The use of slang amongst teenagers has been a predominant aspect of teen culture for generations. These terms tend to vary by generations, but they have the one commonality of confusing the respective adults and parents surrounding the individual circumstances. From terms such as “backseat bingo” in the 1950’s to the perhaps the more infamous “eat my shorts” of the 1980’s, teenagers have yet to fail in creating their own language specific to their culture. While this phenomenon may not be new, the teenagers of today have adopted some new slang which may prove to be a “sign of the times” in terms of the atmosphere they are growing up in.

Recently, teenagers have begun to incorporate the use of “fatalistic humor” into their everyday vocabulary. Despite what the term may lead some to believe, this new trend has no connection to the philosophy of “fatalism”, and is instead the nonchalant use of phrases such as “I want to die” and “I’m going to kill myself”. The occurrence has been proclaimed a millennial trend, yet the lines of just how far the “millennial” lines cross has been blurred and it is safe to say the trend also applies to those currently in high school.


“For me, it’s not actually like I want to die. But when I’m crying and stressed, that’s just the automatic response. And the sad part is that I recognize how unhealthy it is but it’s just become so normalized. Even amongst my friends, I’ve recently realized the extent of it. In response to this I created a list in order to keep track of just how many times it happens within a day. Hopefully, it will result in all of us eliminating the use of it because we can see how out of hand it’s gotten,” says Chanita Belcher (‘19).

Photo Credit: Adrianna Radice/Achona Online
“I started the list only about two weeks ago. So far there are already more tallys than should be considered healthy. I think it’s a real epidemic,” said Chanita Belcher (’19).

There is much controversy surrounding this subject and the effects that it may be having on the mental health of teenagers who regularly abuse this type of language. There are some individuals who feel that allowing this type of humor to become normalized creates an unhealthy atmosphere which promotes morbid thoughts and suicide.

“I don’t like to use phrases like that, and it’s not something I like to be around so it can be really impactful to see it thrown around so carelessly. I honestly think it’s harmful to how we think in our daily lives and it contributes to our negative attitude about certain things that we experience,” says Grace Odmark (‘22).

Though there are many individuals who genuinely believe in the negative effects trivializing these significant subjects has on teenage society as a whole, there are still a considerable amount of people who do not believe it has any effect at all. In fact, many people believe it is a completely healthy coping mechanism for those who suffer from depression.

Olivia Mortellaro (‘21) says, “I think that dark humor like that helps people to relieve stress in a way that may seem dangerous, but in reality has no real truth behind it.
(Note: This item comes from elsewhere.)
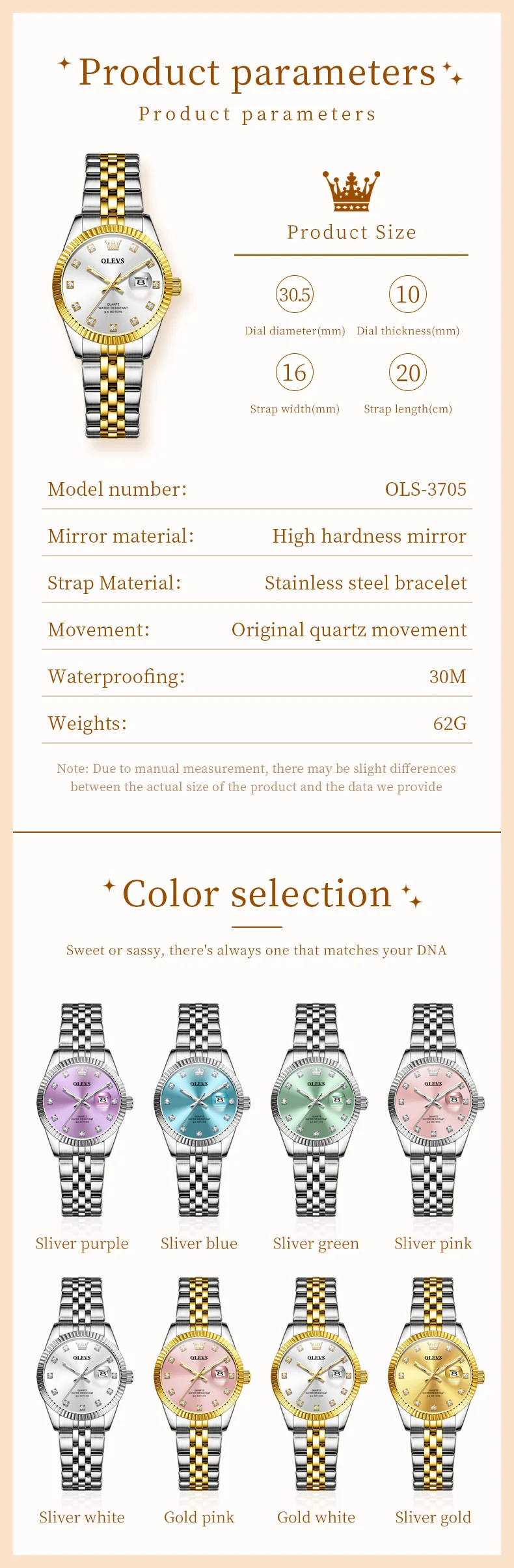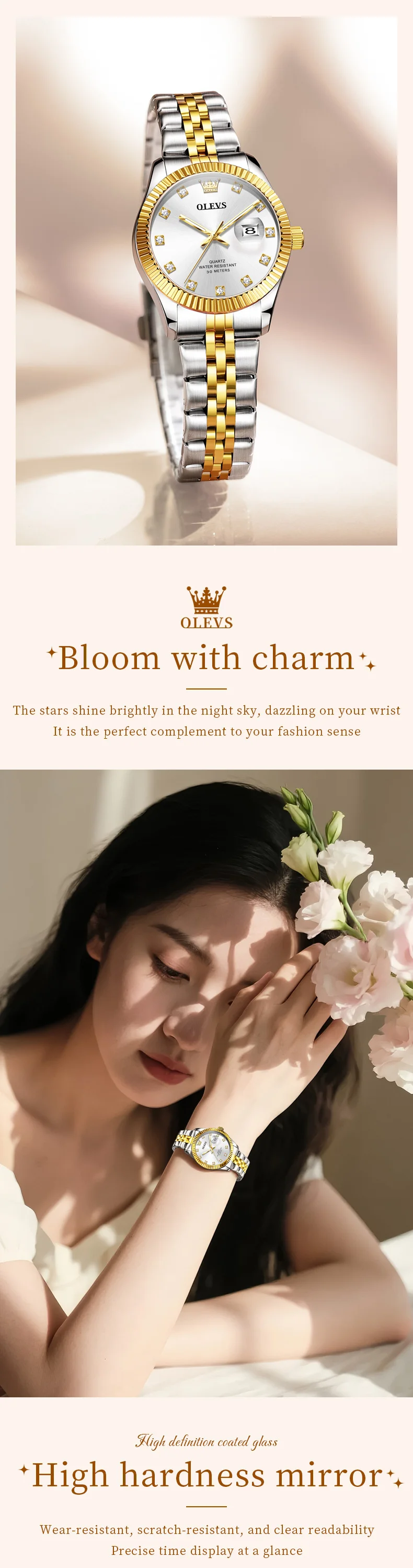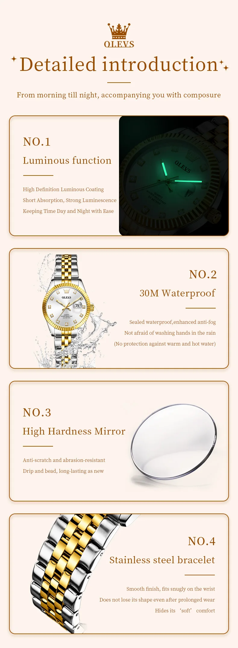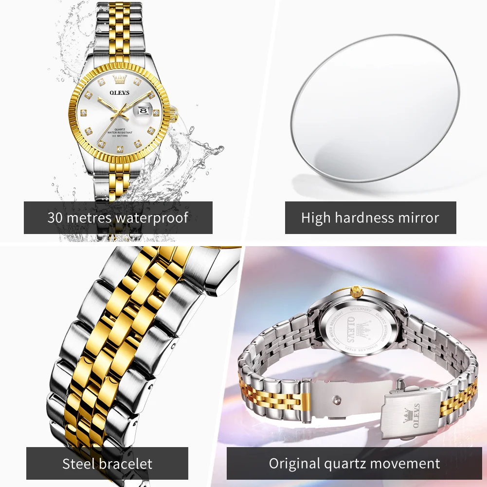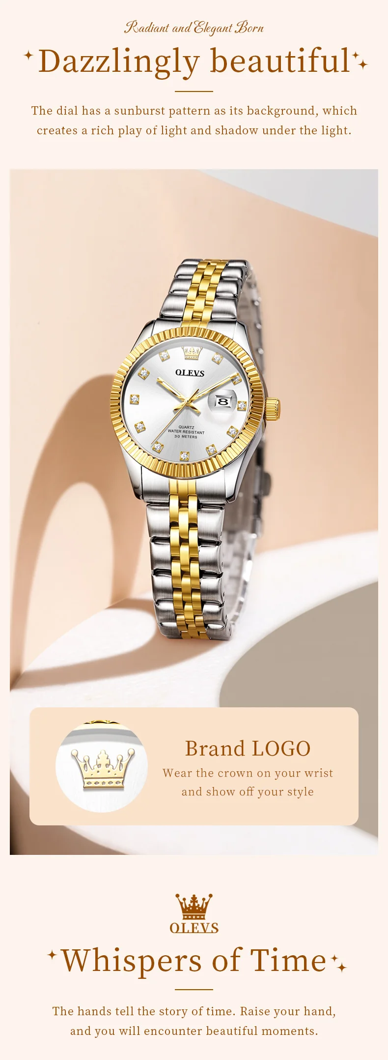 OLEVS 3705 Women Watch Original Gold Elegant Quartz Wristwatch Waterproof Luminous Diamond Date Watches For Women Box Gift

Sometimes saying stuff like that is just an outlet for your frustrations. At the end of the day, it’s just words and it’s not hurting anybody.”

While the debate surrounding the effects of this phenomenon is an incredibly predominant aspect of the trend as a whole, there is an additional question to be asked concerning how it manifested in the first place. Though there is not a specific moment or occurrence it can be attributed to, some people have their own theories regarding its source.

“I think that this trend is really the result of not only the new appliances we get to grow up with, but also the atmosphere of the world which we are growing up around. I think that with all this tragedy happening around us, all of the violence which is occurring in the world today, and the fact that it is all at our fingertips with social media, it really affects how we think about things like this. We use this type of language because it’s a way to cope with everything that’s really happening in a less serious way. I think that yes, we are desensitized because of social media, but in a way we have to be desensitized or else we risk letting it all seriously affect how we live our lives,” says Caitlin Neal (‘19).